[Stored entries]
--------

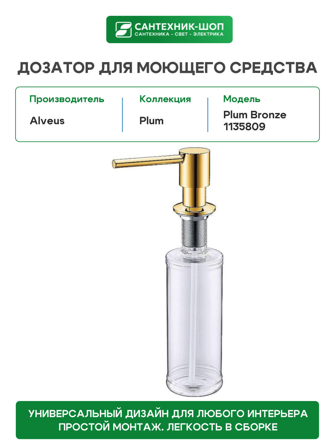 Дозатор для мыла ALVEUS PLUM 0,5L BRONZE — стильное и надежное решение для вашей ванной комнаты. Этот встраиваемый дозатор для жидкого мыла идеально впишется в любой интерьер, придавая ему элегантности и удобства. Благодаря бронзовому оттенку, аксессуар выглядит изысканно и гармонирует с другими элементами декора.
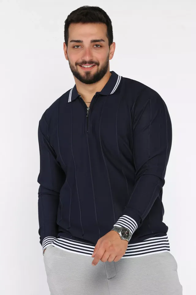 كنزة رجالية محاكة بأكمام طويلة وقصة مريحة مع ياقة بولو، مصنوعة من مزيج 80% بولي أميد و15% فيسكوز و5% ليكرا، تمنح مرونة جيدة وثبات شكل ومظهر مرتب.
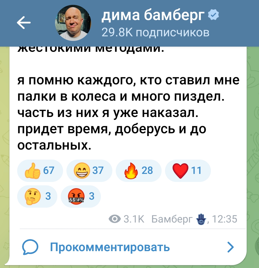 идёшь такой по улице какой-то грубиян тебе харкает в лицо и ты молча идёшь дальше, потому что ты отвечаешь только тому у кого много подписчиков..
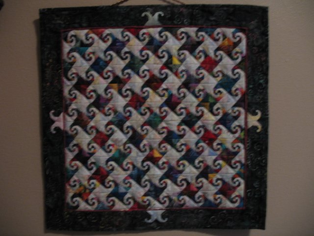 wcfav The Great Snail Escape - Miniature scrap quilt. Enjoyed working tiny...100 -1" blocks, with 20 pieces per inch/block.
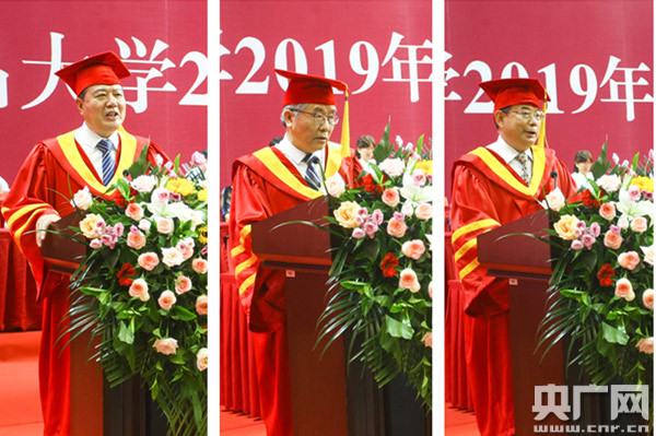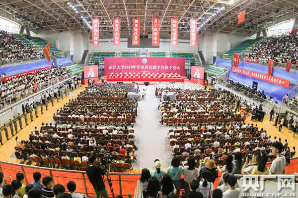 央廣網(wǎng)南昌6月20日消息(記者王一凡 通訊員許航)滿載著豐收的喜悅,滿含著送別的深情。6月19日上午,南昌大學(xué)2019屆畢業(yè)典禮暨學(xué)位授予儀式在莊嚴(yán)的國歌聲中拉開帷幕。學(xué)校師生、家長、校友齊聚室內(nèi)體育館,溫情送別11000余名2019屆畢業(yè)生。

--------

AIM OF THE TASK:
A word-for-word reproduction is needed of the lines above from the line containing "идёшь такой по" through the line containing "wcfav The Great", with both ends kept and no pictures.

RESPONSE TO THE EXERCISE:
 идёшь такой по улице какой-то грубиян тебе харкает в лицо и ты молча идёшь дальше, потому что ты отвечаешь только тому у кого много подписчиков..
 wcfav The Great Snail Escape - Miniature scrap quilt. Enjoyed working tiny...100 -1" blocks, with 20 pieces per inch/block.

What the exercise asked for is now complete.